As of 2017 CDC report, more than 100 million U.S. adults are now living with diabetes or prediabetes. This disease results from high blood glucose (blood sugar) due to an inability to properly derive energy from food, primarily in the form of glucose. Effective diabetic care for insulin dependent Type-1 patients requires that a healthy-level of glucose is maintained throughout the day with minimal fluctuations in either direction. The goal of insulin dependent diabetic care is to administer appropriate amount of insulin at appropriate time such that glucose level is maintained at near target level without reaching hypo or hyper level.

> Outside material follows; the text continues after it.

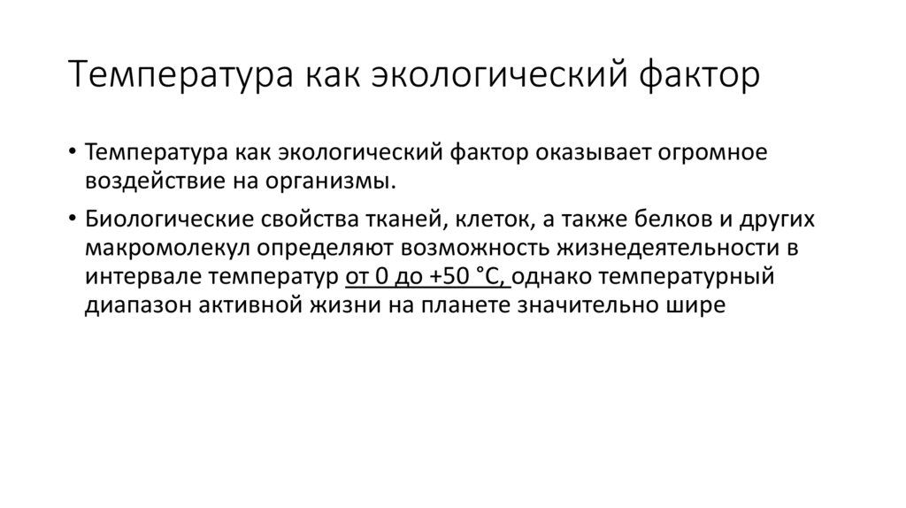 • Температура как экологический фактор оказывает огромноевоздействие на организмы.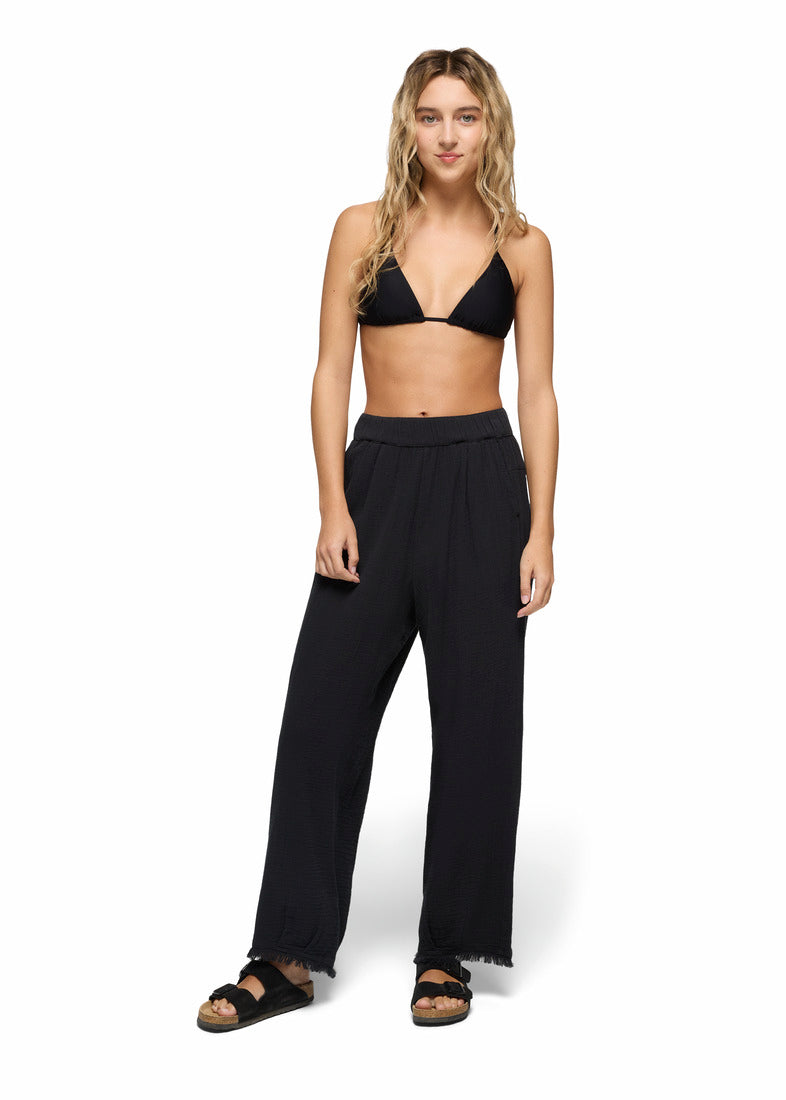 These barrel-leg pants are made with organic cotton gauze that's soft, lightweight, and breathable. The relaxed fit and stretchy waistband make it easy to pop them on over your swimsuit or pair them with a crop top for a night out. Double pockets at the front and back provide easy storage for your essentials, and details like the fringed hem and crinkle fabric elevate this beachside staple.

This research work proposes and explores the effectiveness of Deep Reinforcement Learning models as the insulin controller for Type 1 diabetes. Given the nature of the insulin-glucose dynamics, Reinforcement Learning based approaches seem to be more suitable compared to model driven controller typically employed for the diabetic care. Specifically, adapting the Deep Deterministic Policy Gradient (DDPG) algorithm, a Deep Reinforcement Learning based insulin controller is proposed and analyzed to study its efficacy in achieving better glucose control. Given that DDPG is a model-free, off-policy actor-critic algorithm using deep function approximators that can learn policies in high-dimensional, continuous action spaces, we develop the insulin controller using DDPG algorithm
We implement our approach in SimGlucose environment, a recently proposed Reinforcement Learning based software platform that supports Open AI Gym to evaluate our proposed controller. We compare the performance of DDPG based insulin controller that with widely used Padova model based insulin controller. Our simulation driven evaluations indicate that DDPG based controllers are able to better react and control blood sugar fluctuations compared to model driven controllers. While further evaluations with real datasets are required, the preliminary results indicate that Deep Reinforcement Learning based insulin controllers are promising candidates for better glucose control for Type-1 diabetic care.